Megan Kufeld

Personal information
- Full name: Megan Nicole Kufeld
- Date of birth: March 25, 1993 (age 33)
- Place of birth: Fremont, California, United States
- Height: 5 ft 8 in (1.73 m)
- Position: Goalkeeper

College career
- Years: Team / Apps / (Gls)
- 2011–2015: Washington Huskies / 67 / (0)

Senior career*
- Years: Team / Apps / (Gls)
- 2012–2014: Seattle Sounders
- 2016: Sundsvalls DFF / 1 / (0)
- 2017: Medkila IL / 1 / (0)

International career
- 2009: United States U17
- 2012: United States U20
- 2012–2014: United States U23

= Megan Kufeld =

American soccer player (born 1993)

Megan Nicole Kufeld (born March 25, 1993) is an American former soccer goalkeeper who played for Medkila IL of the Norwegian Toppserien. She previously represented Sundsvalls DFF of the Swedish Elitettan and Seattle Sounders Women in the United Soccer Leagues W-League.

==Early life==
Born in Fremont, California to Melinda and Bob Kufeld, Megan attended Washington High School where she was her class valedictorian and received honors from her school's science department.

=== University of Washington Huskies, 2011–2015 ===
Kufeld attended the University of Washington where she majored in biology with a focus on molecular and cellular biology. She was named a UW President's Medalist for her academic achievement during her sophomore year. She committed to play for the Washington Huskies women's soccer team for 2011 and redshirted for the season.

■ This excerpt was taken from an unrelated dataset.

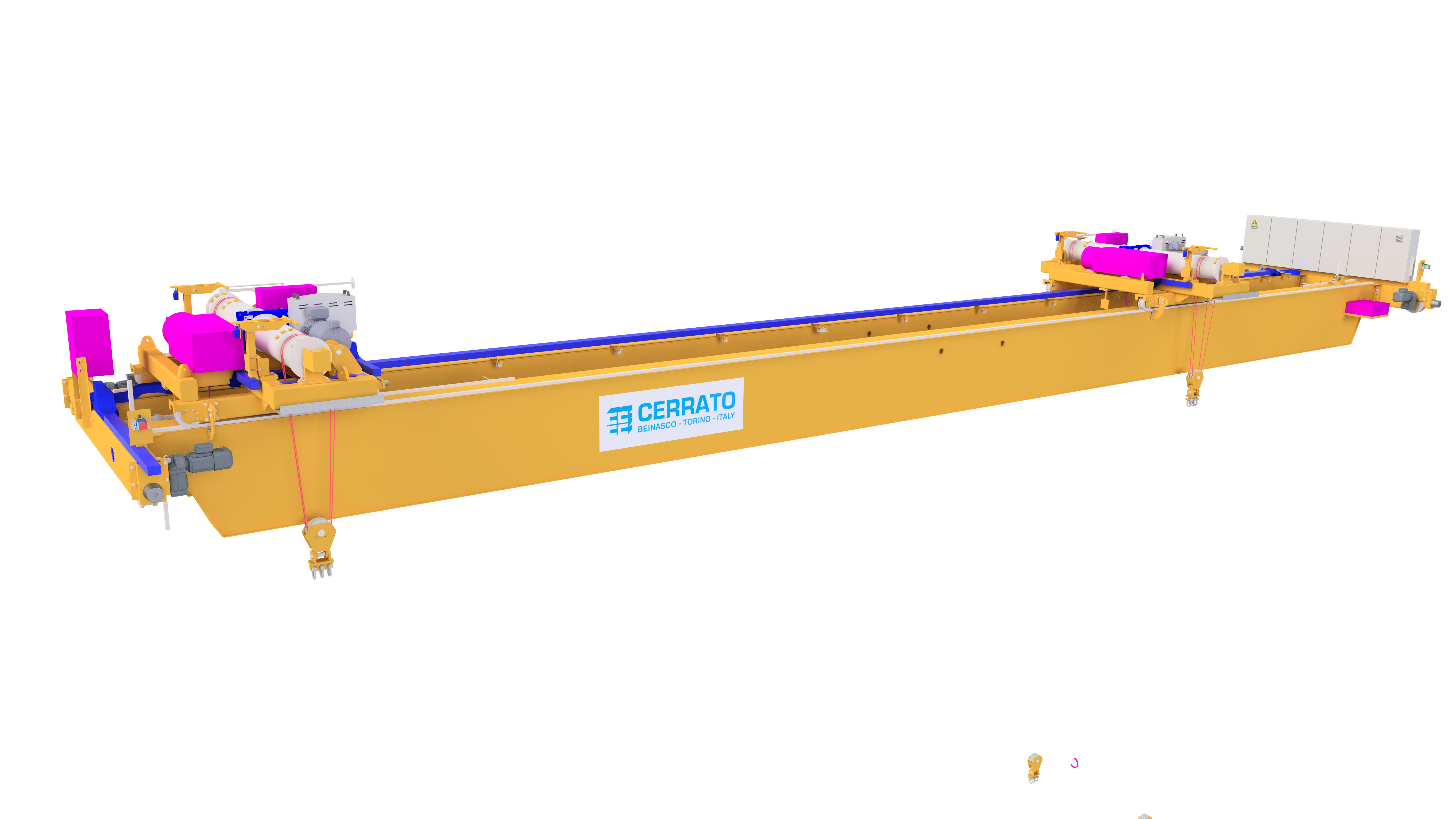 Componenti: Gruppi di sollevamento, gruppi ruota, bozzelli e altri elementi dimensionati per prestazioni elevate e manutenzione semplificata

During her senior season in 2015, she was twice-named Pac-12 Conference Goalkeeper of the Week. In September of the same year, she tied and later broke the school's shutout record previously held by Hope Solo.

== Club career ==
In February 2016, Kufeld signed with Swedish club Sundsvalls DFF.

==International career==
Kufeld has represented the United States at the under-14, under-17, under-20 and under-23 levels.

==Post-Soccer Life==
After retiring from professional soccer, Kufeld entered the private sector as a Research Technician for Fred Hutch in Seattle, Washington. She currently works as a Senior Research Associate at Seagen.

She married Trevor Mitsui on May 18, 2024.